What arguments was Python called with?
Farewell to my first big PR for Werkzeug, made in 2018. Now that Python 3.9 is EOL, I'm able to remove that giant hack and replace it with a single line of code. Here's an explanation of what I did, and what replaces it.
Werkzeug's reloader has to determine what arguments to start a new process with, including the Python executable, the script, whether it was run with -m, and arguments passed to the script.
Unfortunately, Python doesn't make the fact that it was run as python -m module available, it replaces -m module with the path to the module in sys.argv. However, Python also has different behavior for python -m module vs python file.py: running a file adds its directory to sys.path. When the reloader was run with python -m werkzeug.serving, it would end up calling python /path/to/werkzeug/serving.py on reload, which added /path/to/werkzeug to sys.path. This caused import conflicts with module names in Werkzeug, such as http, shadowing builtins.
After enough digging through internals with the debugger, I found that it is possible to detect that Python was run with -m, and re-adjust sys.argv to reflect that. This took a couple weeks of investigation, as I discovered more and more ways to install a script and corner cases.
To determine if -m was used, I looked at __main__.__package__. __main__ is the module name given to the script that was run, regardless of the name of the script or whether it was run as -m. For all the cases I could think of, it seems that if its __package__ is not None, then it was run as -m, otherwise it was run as a file. If we're running as -m, then the module name can be reconstructed by appending the name of the file in sys.argv[0] to __main__.__package__.
Beyond this, there are a few other things messing with the value. If the script is a pip-installed entry point on Windows, it's an exe but doesn't include the extension in sys.argv. Python -m a.b might refer to a module a/b.py or a package a/b/__init__.py, or a/b/__main__.py. And pydevd, the backend for many IDE debuggers, incorrectly rewrites -m script to script instead of path/to/script.py.
def _get_args_for_reloading() -> list[str]:
"""Determine how the script was executed, and return the args needed
to execute it again in a new process.
"""
rv = [sys.executable]
py_script = sys.argv[0]
args = sys.argv[1:]
# Need to look at main module to determine how it was executed.
__main__ = sys.modules["__main__"]
# The value of __package__ indicates how Python was called. It may
# not exist if a setuptools script is installed as an egg. It may be
# set incorrectly for entry points created with pip on Windows.

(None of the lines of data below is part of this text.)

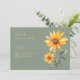 Celebre seus convites especiais de RSVP de Casamento ao estilo do país com nossa elegante design de convite para girassol verde e amarelo. Nosso design apresenta nossos ouros-d-água pintados manualmente, girassóis amarelos, esses detalhes elegantes do convite ao país são lindamente projetados para criar este simples mas elegante convite para casamento. Personalize este design com sua mensagem e informações personalizadas. Todas as designs são impressas.
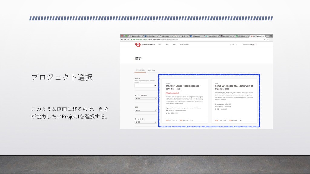 プロジェクト選択 このような画⾯に移るので、⾃分 が協⼒したいProjectを選択する。
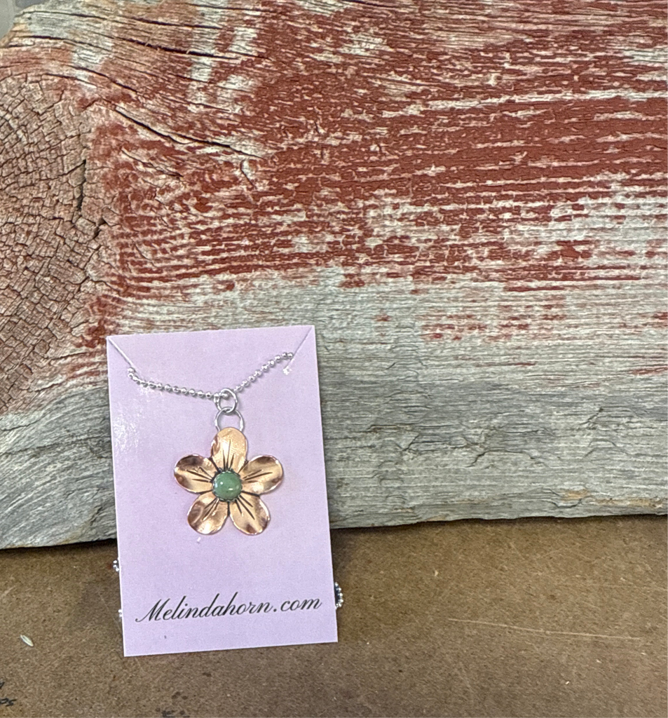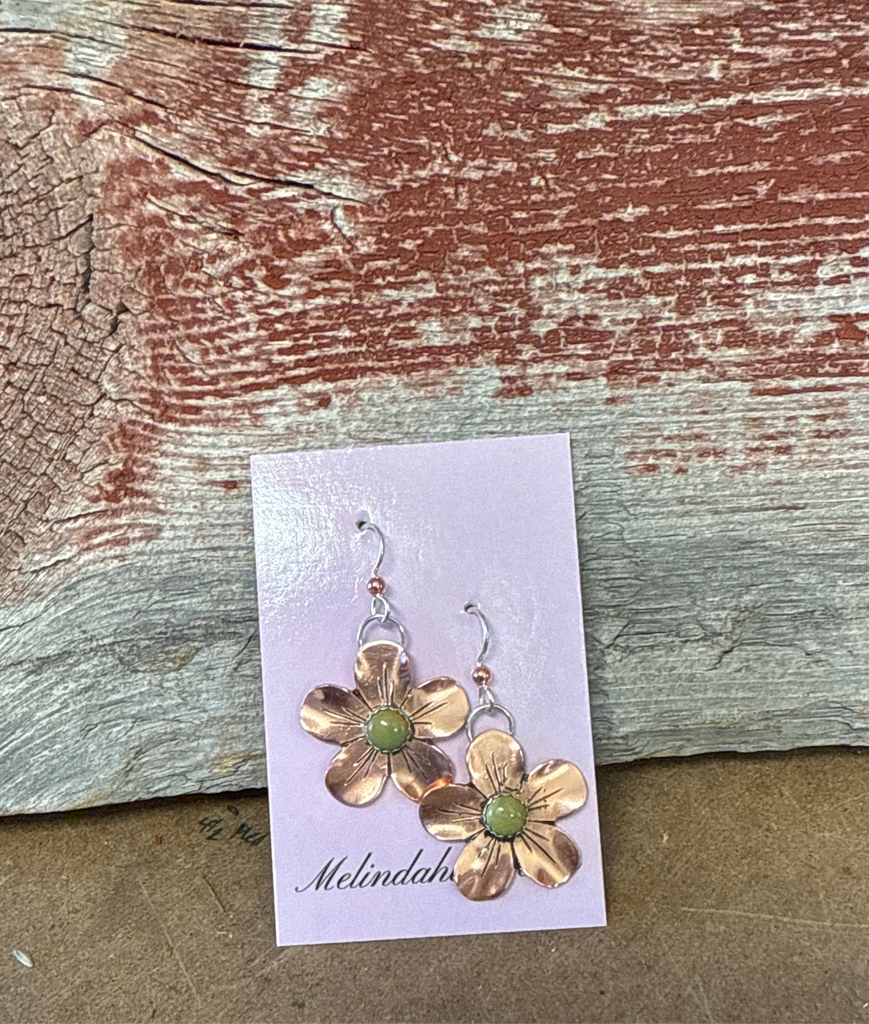 1” engraved copper MC Forget Me Not flower dangle earrings. Sterling silver ear wires. Sage Kingman turquoise

if getattr(__main__, "__package__", None) is None or (
os.name == "nt"
and __main__.__package__ == ""
and not os.path.exists(py_script)
and os.path.exists(f"{py_script}.exe")
):
# Executed a file, like "python app.py".
py_script = os.path.abspath(py_script)
if os.name == "nt":
# Windows entry points have ".exe" extension and should be
# called directly.
if not os.path.exists(py_script) and os.path.exists(f"{py_script}.exe"):
py_script += ".exe"
if (
os.path.splitext(sys.executable)[1] == ".exe"
and os.path.splitext(py_script)[1] == ".exe"
):
rv.pop(0)
rv.append(py_script)
else:
# Executed a module, like "python -m werkzeug.serving".
if os.path.isfile(py_script):
# Rewritten by Python from "-m script" to "/path/to/script.py".
py_module = t.cast(str, __main__.__package__)
name = os.path.splitext(os.path.basename(py_script))[0]
if name != "__main__":
py_module += f".{name}"
else:
# Incorrectly rewritten by pydevd debugger from "-m script" to "script".
py_module = py_script
rv.extend(("-m", py_module.lstrip(".")))
rv.extend(args)
return rv
While the answer to "how was this script called" seems like it should be simple, "just check sys.argv", it turned out to be far more complex. And that code above still isn't complete, it doesn't capture the arguments that were passed to python besides -m, such as -u, -X, etc. That's why Python 3.10 added sys.orig_argv. It captures exactly what was passed to python, before any rewriting was done. All of the above can be replaced, with more fidelity, by:
args = [sys.executable, *sys.orig_argv[1:]]